I've never heard of this term, and the article does not provide any references to this usage. It looks bogus to me. Any defenders? --- Charles Stewart 17:52, 19 May 2005 (UTC)Reply

I think this should be merged with judgment. 'Assertion' is introduced as a synonym for judgment in (Martin-Löf 1983) 'On the Meanings of the Logical Constants and the Justification of Logical Laws', and indeed the present content of this page expresses a special case of what can be found at judgment. Quiddital (talk) 22:26, 13 August 2016 (UTC)Reply

No. This is wrong. A judgment is a type judgment, as in type theory. Judgments are used to define logics, so you cannot make a logical assertion until a logic is defined, first. See natural deduction for examples of how to define a logic, and how to use judgments to create that definition. 67.198.37.16 (talk) 21:52, 18 December 2018 (UTC)Reply

This article is very misguided.

• It is not hypotheses that are asserted.
• It is provable formule that are asserted not truths (the set of things provable and the set of things true may not coincide).
• Assertions in programming languages such as C are quite different from assertions in the logical sense. 86.132.216.101 (talk) 17:45, 19 September 2016 (UTC)Reply

The current article contains this text:

For example, if p = "x is even", the implication

${\displaystyle (⊢p)\to (x(\mathrm{mod}2)\equiv 0)}$

which is clear-as-mud and/or wrong. I suspect the parenthesis is mis-placed. I suspect it should be

${\displaystyle ⊢(p\to (x(\mathrm{mod}2)\equiv 0))}$

If I try to read the former, with the bad paren placement, I start with ${\displaystyle (⊢p)}$ which can be readily recognized as a tautology: from nothing at all, from thin air, I can prove that p is true. Since its a tautology, p is always true. So this reduces to ${\displaystyle true\to (x(\mathrm{mod}2)\equiv 0)}$, which is blatently wrong, unless x is restricted to be a member of the set of even natural numbers. For example, x must not belong to the set of quadruped furry animals, because ${\displaystyle x(\mathrm{mod}2)}$ is not even well-defined for furry animals.

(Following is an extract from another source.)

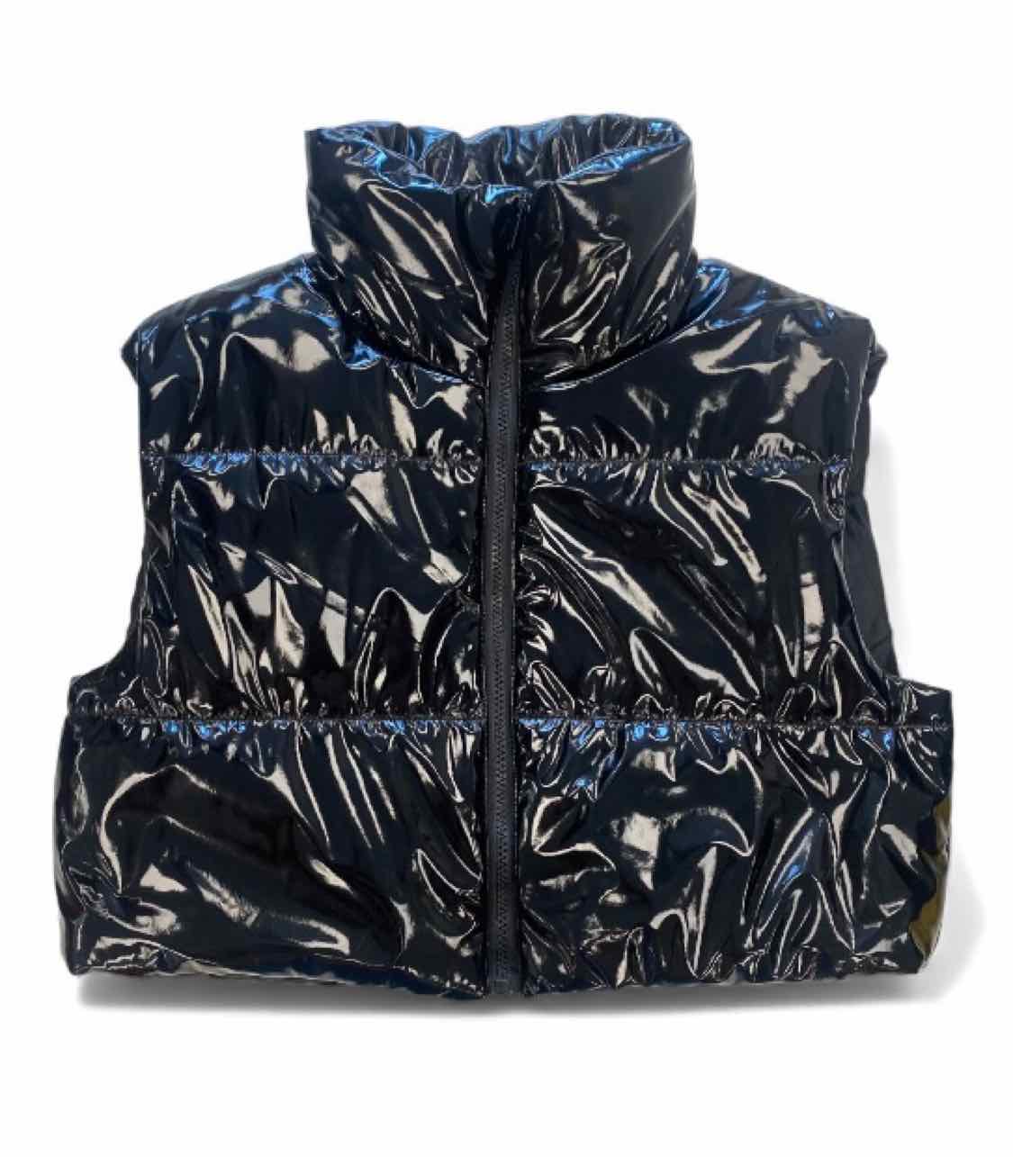Daisy Black Patent Leather Crop Puff Vest - Size S
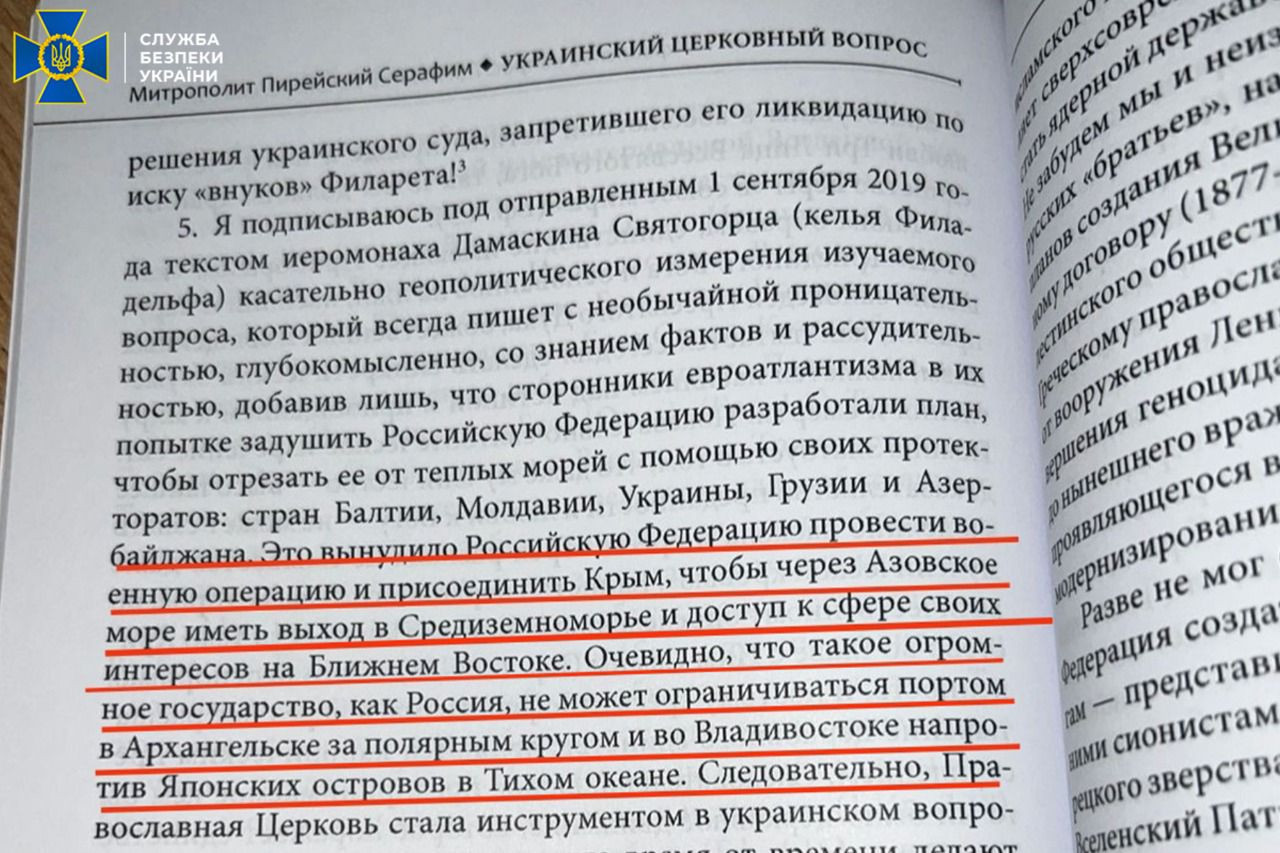В ходе досудебного расследования установлено, что антиукраинские материалы активно распространялись среди священнослужителей и верующих, чтобы сформировать среди них позиции, выгодные стране-агрессору. В частности, оправдывалась аннексия Крыма.

The second form with re-arranged parenthesis, makes slightly more sense, but is still ill-defined. There, the reading starts with ${\displaystyle p\to (x(\mathrm{mod}2)\equiv 0)}$, so that p is now some proposition, might be true, might be false, who knows, but whenever p is true, then if follows that ${\displaystyle x(\mathrm{mod}2)\equiv 0}$. Presumably, it works out that whenever p is true, then x is even.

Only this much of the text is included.